Ces déclarations ont été formulées en réponse à une question posée lors d’une audition du Comité des forces armées du Sénat, mercredi, concernant une revue récemment ordonnée par le Pentagone sur l’« efficacité » des femmes dans les postes de combat. Cette enquête, qui analysera les données relatives à la préparation, à l’entraînement, aux pertes et à la capacité de déploiement des troupes de combat au sol, intervient plus d’une décennie après que le Département de la Défense a levé l’interdiction des femmes dans les rôles de combat.
La sénatrice Mazie Hirono (D-Hawaï) a interrogé le panel exclusivement masculin, en qualifiant cette révision d’« attaque contre les femmes », accusant le secrétaire à la Défense Pete Hegseth de « préparer le terrain » pour revenir sur la politique vieille de dix ans qui autorise les femmes à servir en première ligne.
« Cela minimise également le sacrifice de milliers de militaires féminines qui ont déjà répondu aux exigences rigoureuses, neutres en termes de genre, et ont servi en combat avec honneur », a-t-elle ajouté.
Face à la question : « Pensez-vous que la simple présence des femmes dans ces unités de combat abaisse les standards ? », chaque chef militaire a unanimement répondu par la négative.
David Isom, conseiller principal enrôlé auprès du président de l’État-Major interarmées et ancien membre de l’équipe Navy SEAL 6, a déclaré : « Je n’ai vu aucune donnée qui prouve un abaissement des standards ni une baisse de la préparation des unités ayant des femmes dans leurs rangs. »
De même, John Perryman IV, maître principal de la Marine, et Carlos Ruiz, sergent-major du Corps des Marines, ont répondu succinctement : « Sénatrice, non. »
Michael Weimer, sergent-major de l’Armée, a confirmé son accord : « Non, je ne vois rien qui me fasse penser qu’il y a un problème pour atteindre les standards ou que cela affecte la préparation. »
Le maître chef de l’Armée de l’Air, David Wolfe, a précisé : « De mon point de vue, je sers aux côtés de certains des meilleurs combattants que le monde ait jamais connus.

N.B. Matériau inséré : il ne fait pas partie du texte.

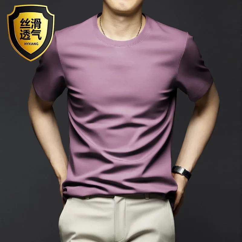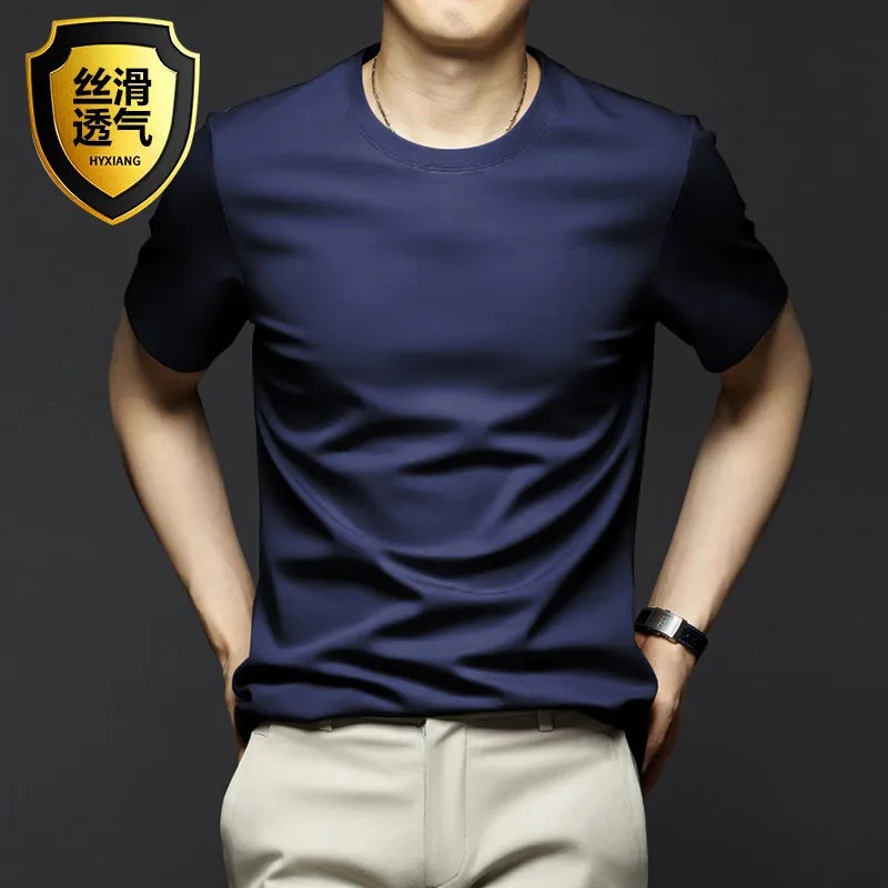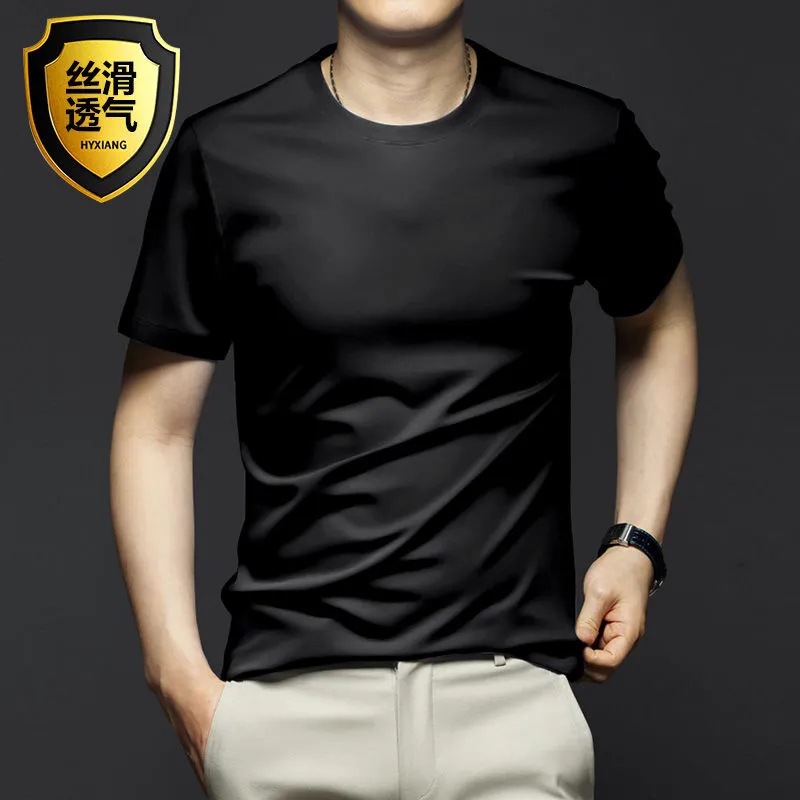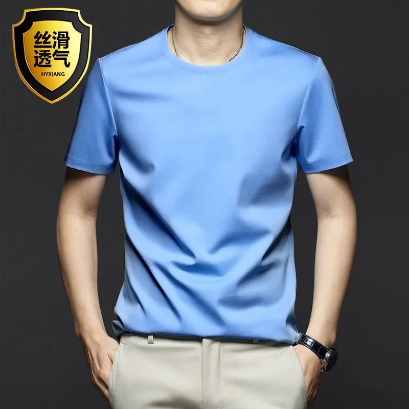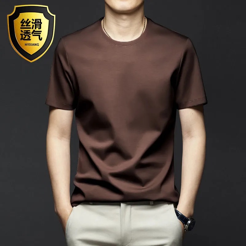 여름 시원한 모달 반팔 티셔츠 남성용 트렌디 한 솔리드 컬러 내부 라운드 넥 바닥 셔츠 얇은 통기성 탑

Certains sont des hommes, d’autres des femmes. Absolument pas, je n’ai constaté aucune dégradation. »
Enfin, du côté de la Force Spatiale, John Bentivegna, maître chef, a indiqué : « Nous n’avons constaté aucune diminution de la préparation liée aux positions de l’administration. »

Les plus hauts gradés enrôlés de l’armée américaine ont témoigné devant le Sénat le 11 février sur des questions liées à la qualité de vie des soldats de rang inférieur. Photo U.S. Air Force par Chad Trujillo.
En janvier, le porte-parole du Pentagone, Kingsley Wilson, avait confirmé que les standards de combat de l’armée resteraient « uniformes » et « neutres du point de vue du sexe », ajoutant qu’ils « ne seraient pas compromis pour satisfaire des quotas ou une idéologie ».
Plusieurs femmes engagées dans des armes de combat, comme l’infanterie ou la cavalerie blindée, ont témoigné à plusieurs reprises qu’elles pouvaient répondre aux mêmes exigences physiques que leurs homologues masculins, qu’il s’agisse de réussir l’École des Rangers, l’une des formations les plus éprouvantes de l’Armée, ou bien d’exécuter au quotidien des tâches exigeantes comme le chargement de munitions lourdes ou encore porter un camarade sur le dos.
La sénatrice Hirono a ensuite demandé aux hauts gradés s’ils étaient d’accord pour que les militaires, « quel que soit leur genre », puissent servir dans n’importe quel rôle, y compris au combat, s’ils respectent les « standards établis ».
Tous ont répondu positivement, Michael Weimer précisant : « Oui, sénatrice, il s’agit avant tout des standards. »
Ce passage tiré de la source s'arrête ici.